Machine code, classified as a first-generation programming language, is data encoded and structured per the instruction set architecture of a CPU. The instructions imply operations such as moving values in and out of memory locations, Boolean logic, arithmetic, comparing values, and flow control (branching and jumping).

Programmers almost never program directly in machine code; instead, they use an assembly language or a higher-level programming language like C, C++,C#, etc.
 Although few programs are written in machine languages, some programmers learn to read it through experience with core dumps and debugging.

== Assembly language ==
An assembly language, classified as a second-generation programming language, provides a level of abstraction on top of machine code. A program written in assembly language is non-portable, due to being written and optimized for a particular architecture.

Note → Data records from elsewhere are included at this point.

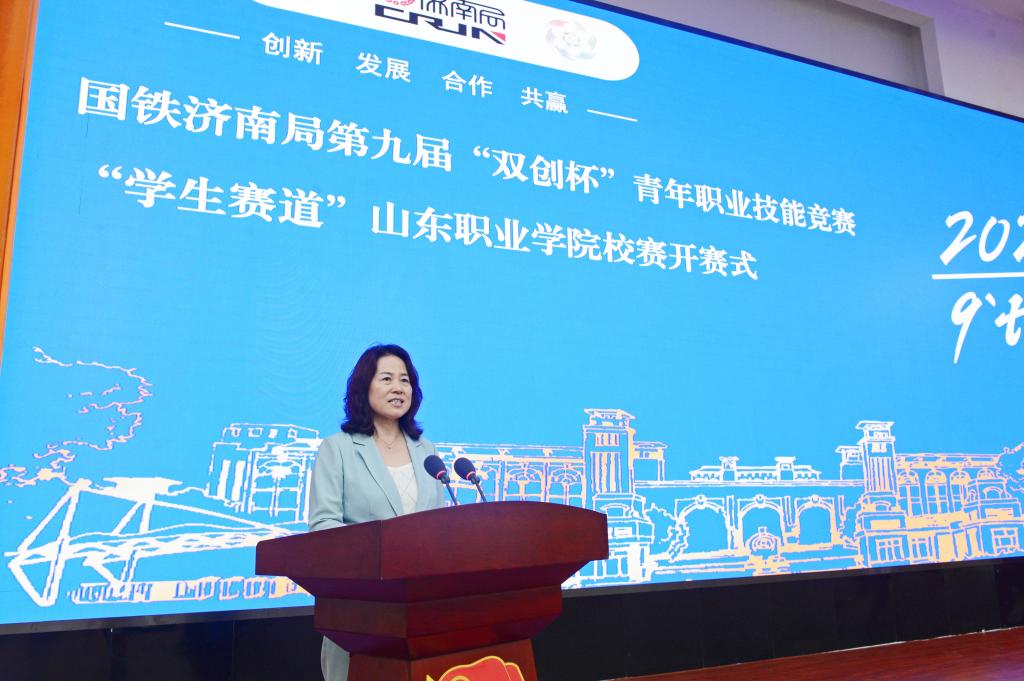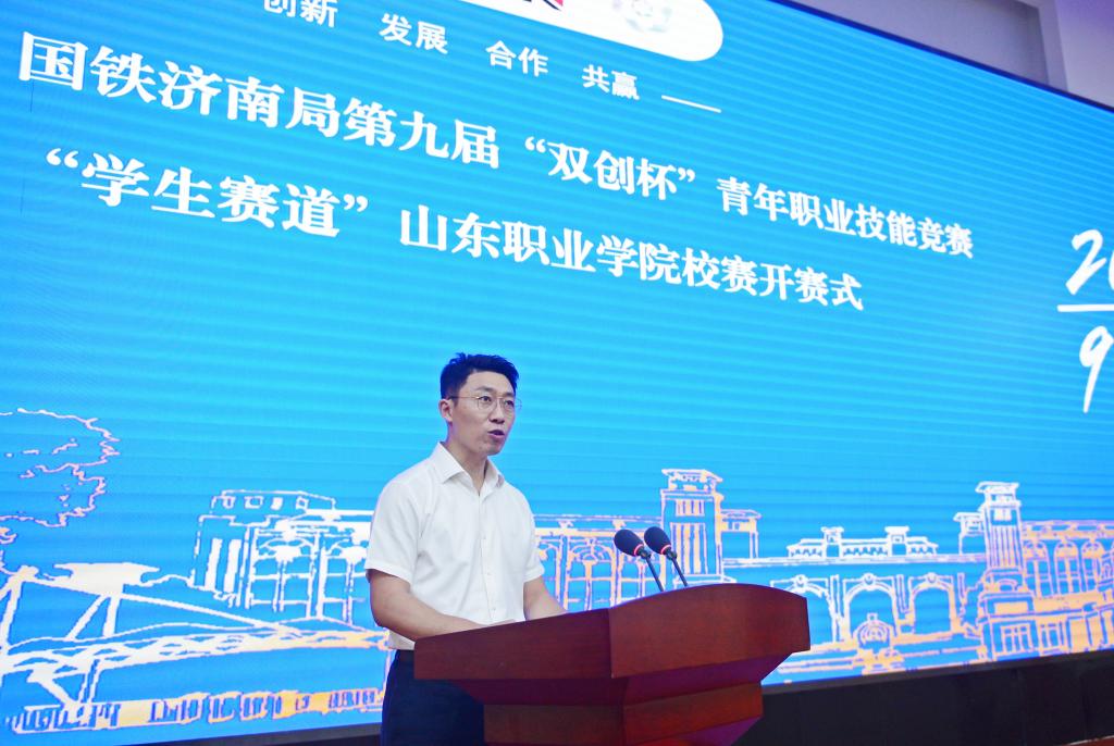5月23日下午,国铁济南局第九届“双创杯”青年职业竞赛“学生赛道”校赛开赛式在我校图书行政楼西报告厅举行。学校党委书记赵凤文、国铁济南局团委书记鞠鹏出席并讲话。党委副书记郭鹏、副院长李新华,国铁济南局团委宣传部部长徐栋晨出席活动。
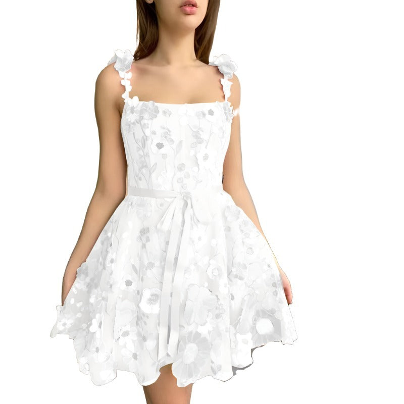 • 1 x Three Dimensional Flower Embroidery Dress A Line Suspender Dresses for Women Clothing
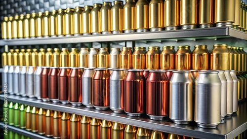 A stack of 12-24 beer cans arranged neatly on a metal shelf with a few bottles of wine and liquor nearby, shelving units, canned goods, beverage organization, cocktail parties
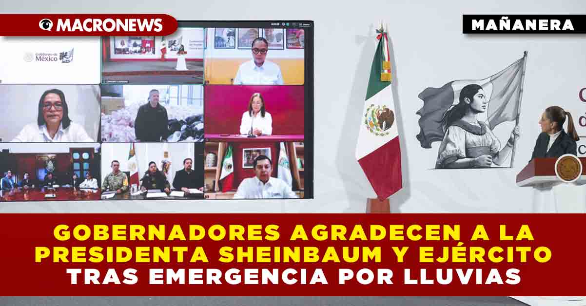 Redacción Macronews.- Gobernadores de los cinco estados afectados (Veracruz, Puebla, Hidalgo, Querétaro y San Luis Potosí) agradecieron públicamente el apoyo de la presidenta Claudia Sheinbaum y del Ejército Mexicano tras las intensas lluvias e inundaciones que afectaron a sus entidades. Durante un enlace en vivo en la conferencia matutina del 17 de octubre, los mandatarios reportaron avances significativos en la atención de la emergencia.
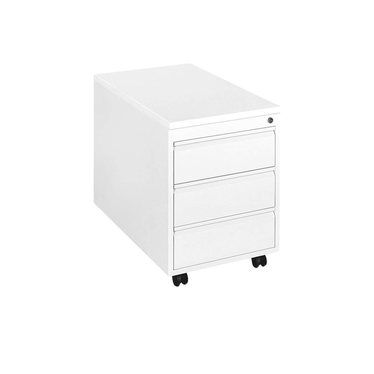 CEHA Büro- und Rollcontainer 790 mm Tiefe aus Stahl mit 3 Schüben in signalweiß und Holztop in Dekor weiß
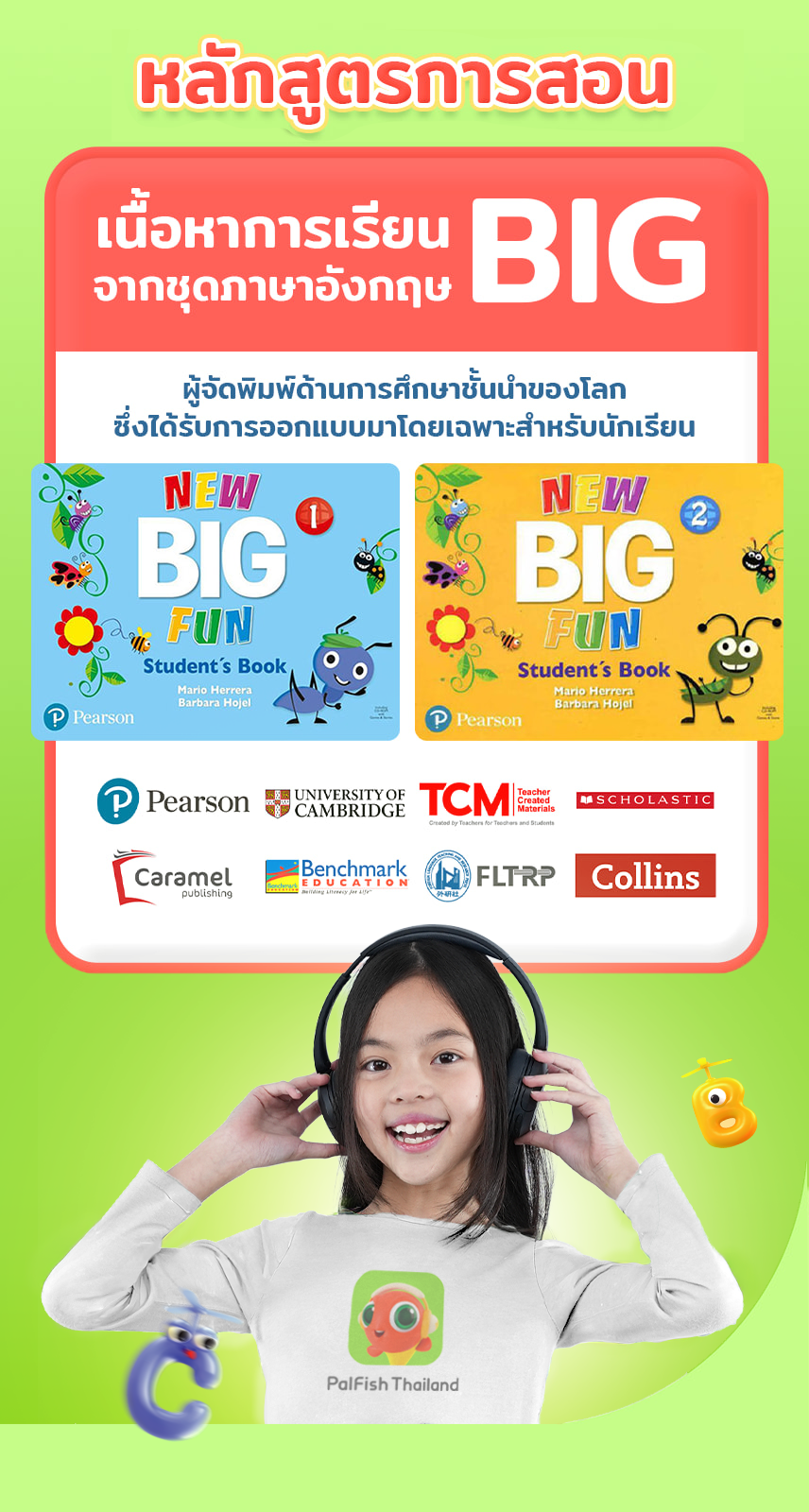 หลักสูตรการเรียนการสอนจาก Pearsonสำนักพิมพ์ชั้นนำระดับโลก รุ่นBIG ออกแบบมาสำหรับเด็กที่ไม่ได้ใช้ภาษาอังกฤษเป็นภาษาแม่ และบุคคลที่ต้องการเรียนภาษาที่สอง เนื้อหาเกี่ยวกับวิทยาศาสตร์อบรมภาษาอังกฤษ และความสอดคล้องเกี่ยวกับเด็ก
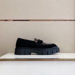 乐福鞋采用可见缝合鞋围,鞋面饰有 Fendi OLock 细节。黑色正绒面革制成。黑色和灰色提花 FF 面料鞋围。同色系珐琅金属配件。压纹橡胶鞋底。
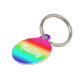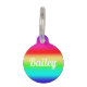L'arc-en-ciel colore l'étiquette d'animal familier de rayure de gradient. Personnalisez la typographie cursive élégante avec un nom, le monogramme, ou tout autre texte sur l'avant et le dos de l'information de contact de propriétaire d'animal familier dessus. Avec son arrière - plan inspiré lumineux et audacieux de couleur, cette rétro conception d'arc-en-ciel fait une étiquette d'identification classique et moderne. Idée mignonne et à la mode de cadeau pour le chien ou l'amoureux des chats.
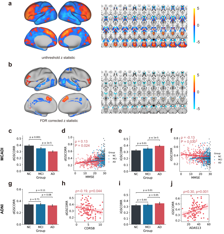 Methods: fMRI scans from a discovery dataset (n = 809) and a validated dataset (n = 542) were used in the analysis. We investigated the alteration of GS topography using the GS correlation (GSCORR) in patients with mild cognitive impairment (MCI) and AD. The association between GS alterations and functional network properties was also investigated based on network theory. The underlying mechanism of GSCORR alterations was elucidated using imaging-transcriptomics.
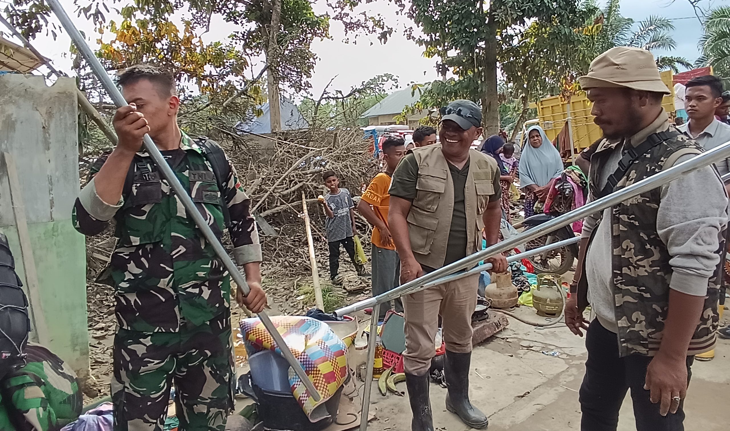 RILIS.NET, ACEH TIMUR – Mantan kombatan GAM di wilayah Peureulak, Aceh Timur terlihat kompak bersama personil TNI dari Yonif TP 853/BRB Peudawa untuk memasangkan tenda kepada para mengungsi korban bencana banjir bandang, yang menerjang kawasan desa Alue Ie Mirah, kecamatan Pante Bidari, Aceh Timur. Rabu (24/12/2025).
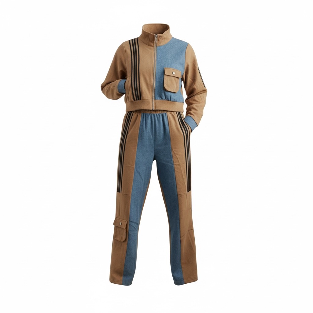 Elevate your off-duty style with this bold two-piece denim contrast set. Designed to blend sporty edge
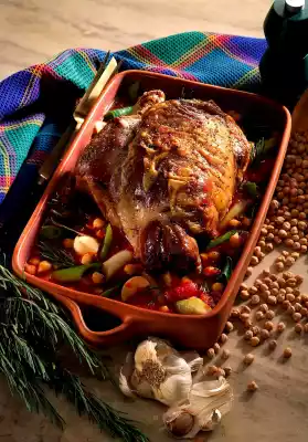 Wash the chickpeas, soak them overnight in 1/2 litre of water. Wash leg of lamb, dab dry, rub with oil, salt and pepper. Place in a large ovenproof dish. Chop the tomatoes in the tin with a knife. Arrange the tomatoes and chickpeas around the leg.

Assembly language has little semantics or formal specification, being only a mapping of human-readable symbols, including symbolic addresses, to opcodes, addresses, numeric constants, strings and so on. Typically, one machine instruction is represented as one line of assembly code, commonly called a mnemonic. Assemblers produce object files that can link with other object files or be loaded on their own. Most assemblers provide macros to generate common sequences of instructions.

In the early days of coding on computers like TX-0 and PDP-1, the first thing MIT hackers did was to write assemblers.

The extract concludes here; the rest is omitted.